Location: s3://{project}-results-{account}-{region}/

Purpose: Store fraud detection results

Structure:

flagged/
├── detection_date=2024-01-15/
│   ├── part-00000.parquet
│   └── part-00001.parquet
└── detection_date=2024-01-16/
    └── ...
aggregates/
├── provider_summary/
└── daily_stats/

Processing Stages

Stage 1: Data Validation

# Validate schema
claims = spark.read.parquet(input_path)
validate_schema(claims, EXPECTED_SCHEMA)

# Check data quality
stats = claims.select(
    F.count("*").alias("total"),
    F.sum(F.col("claim_id").isNull().cast("int")).alias("null_ids"),
    F.sum(F.col("charge_amount") < 0).cast("int").alias("negative_charges"),
)

Stage 2: Rule Application

# Apply each rule sequentially
claims = billing_rules.check_daily_procedure_limits(claims)
claims = billing_rules.check_patient_claim_frequency(claims)
claims = billing_rules.check_weekend_billing(claims)
claims = billing_rules.check_round_amounts(claims)
claims = geographic_rules.check_provider_patient_distance(claims)
claims = geographic_rules.check_state_mismatch(claims)

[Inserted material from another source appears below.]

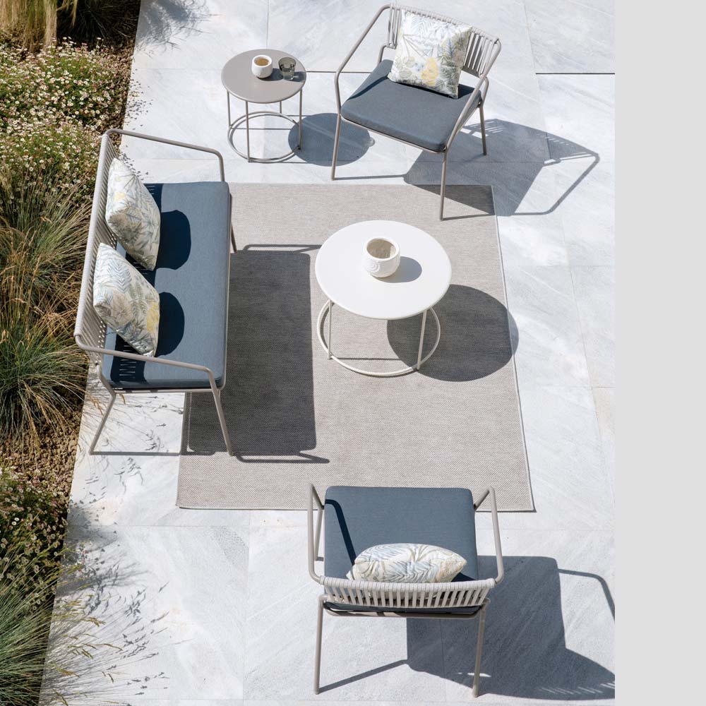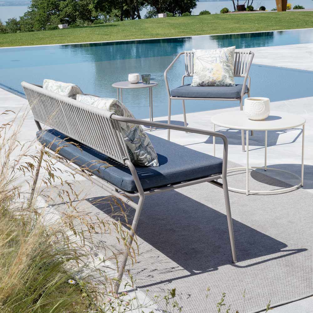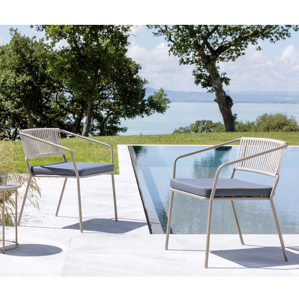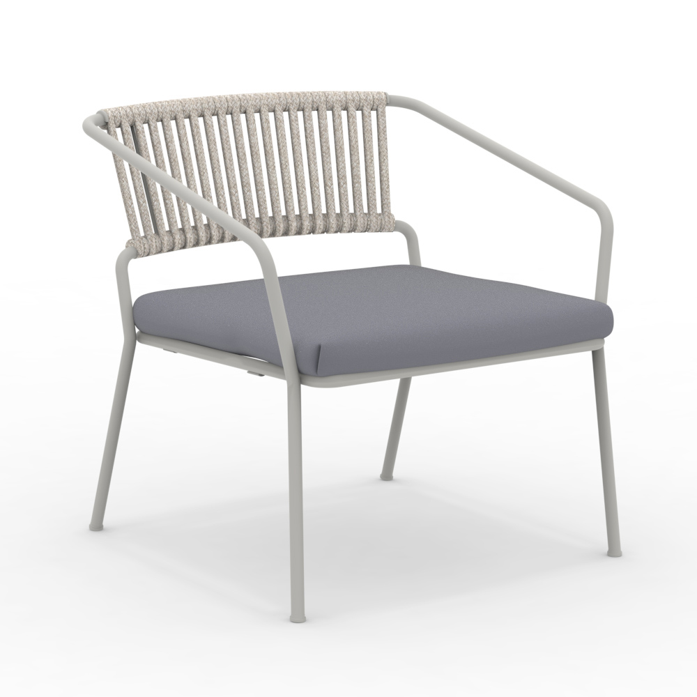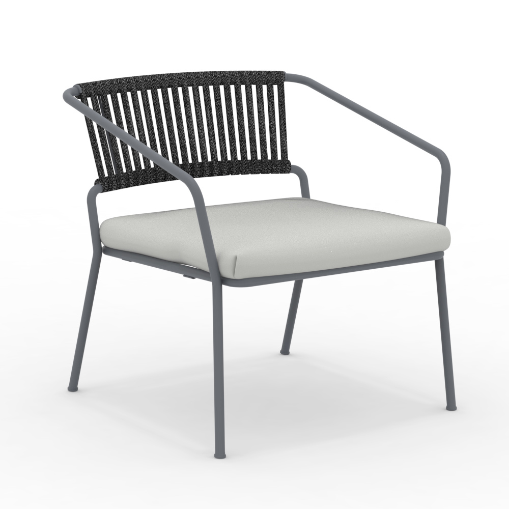 Lage tuinstoel met gepoedercoat gegalvaniseerd ijzeren frame en zitting van touw en stof. Gemaakt in Italië.
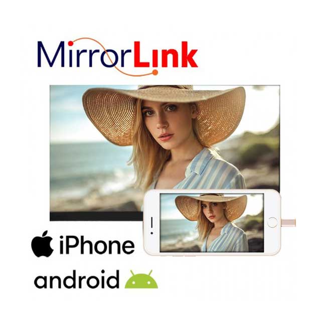 Λειτουργία Mirrorlink με Android και iPhone κινητά (η οθόνη δείχνει ακριβώς ότι παίζει και το κινητό)

Stage 3: Statistical Analysis

# Apply statistical methods
claims = outlier_detector.detect_zscore_outliers(claims, "charge_amount", "zscore_outlier")
claims = outlier_detector.detect_iqr_outliers(claims, "charge_amount", "iqr_outlier")
claims = benfords_analyzer.analyze(claims, "charge_amount", group_by="provider_id")

Stage 4: Duplicate Detection

# Detect duplicates (requires self-join)
claims = duplicate_detector.detect(claims)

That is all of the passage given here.